The extended loan of treasured Frida Kahlo artworks in the Gelman Santander Collection for display outside of Mexico has worried the country’s art community, which is demanding greater transparency and adherence to heritage laws. [The Art Newspaper]

Thousands of people in Bratislava, Slovakia, have protested against major government cuts to cultural funding. [dpa]

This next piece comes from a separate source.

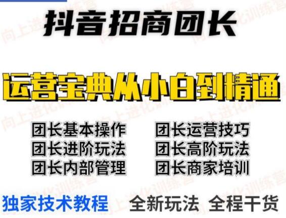 《抖音招商团长课程》从小白到精通,全新玩法,全程干货 课程内容目录:

“Louvre Museum to Install Locks on Doors After Heist,” reads the headline on Hyperallergic’s website, awash with some pretty entertaining satirical pieces in time for April Fools’ Day. [Hyperallergic]

The Kicker

MONET MADNESS. December will mark the centenary of Claude Monet’s death, with special exhibitions planned throughout the Impressionist visionary’s favorite haunts captured in his paintings. But expected record crowds are also threatening some of those places, as curators try to do justice to the artist’s legacy, and Monet’s former home and famous garden in Giverny is at the top of that list, reports the Times. Today, Monet’s home in Giverny reopens after its annual winter break, and nearly a million visitors are expected to squeeze through its narrow garden paths. “A tremendous amount has been done … with the house and the garden [but] there is still a tremendous amount to do to address overtourism,” Alain-Charles Perrot, director of the Maison et Jardins de Claude Monet, told French media. “The delicate problem is restoring a sense of historical truth to the place to better convey a deeper understanding of who Monet really was. I don’t want it to become Disneyland.”